** DATA BELOW **
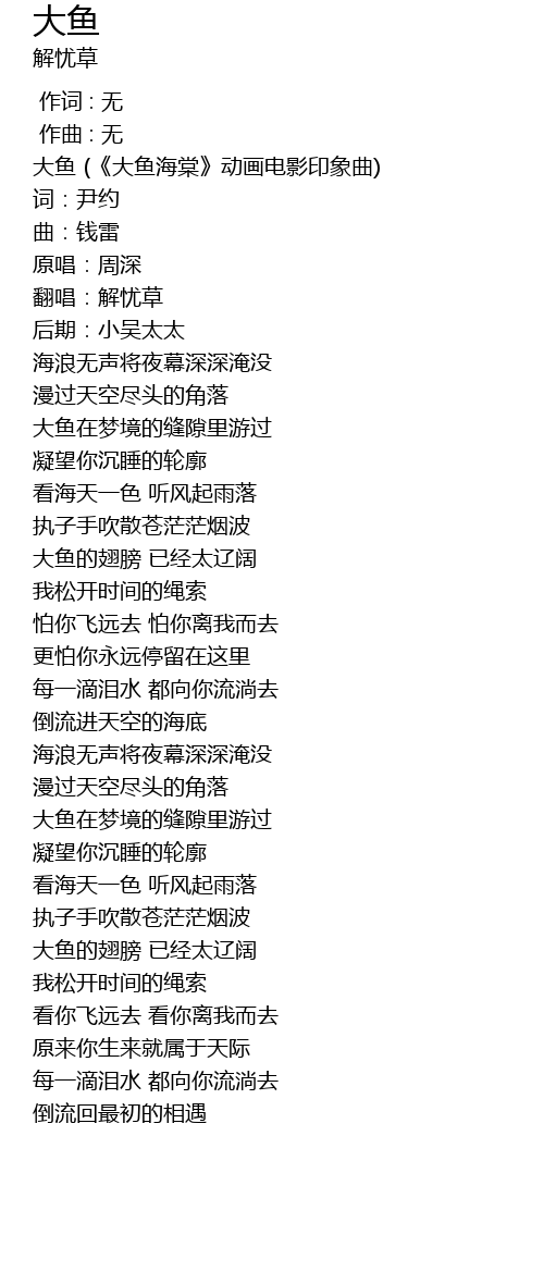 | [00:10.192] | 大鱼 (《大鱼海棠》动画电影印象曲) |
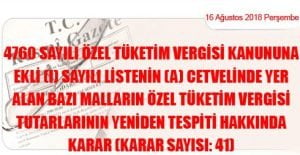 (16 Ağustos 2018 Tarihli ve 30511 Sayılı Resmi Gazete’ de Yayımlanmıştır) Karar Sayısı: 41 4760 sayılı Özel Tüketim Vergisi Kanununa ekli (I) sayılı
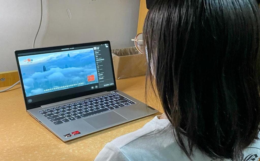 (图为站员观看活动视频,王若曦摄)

** WORK TO BE COMPLETED **
Write the lines from the line containing "(16 Ağustos 2018" through the last line of the data out again exactly, and only those lines; pictures stay out.

** REPLY **
 (16 Ağustos 2018 Tarihli ve 30511 Sayılı Resmi Gazete’ de Yayımlanmıştır) Karar Sayısı: 41 4760 sayılı Özel Tüketim Vergisi Kanununa ekli (I) sayılı
 (图为站员观看活动视频,王若曦摄)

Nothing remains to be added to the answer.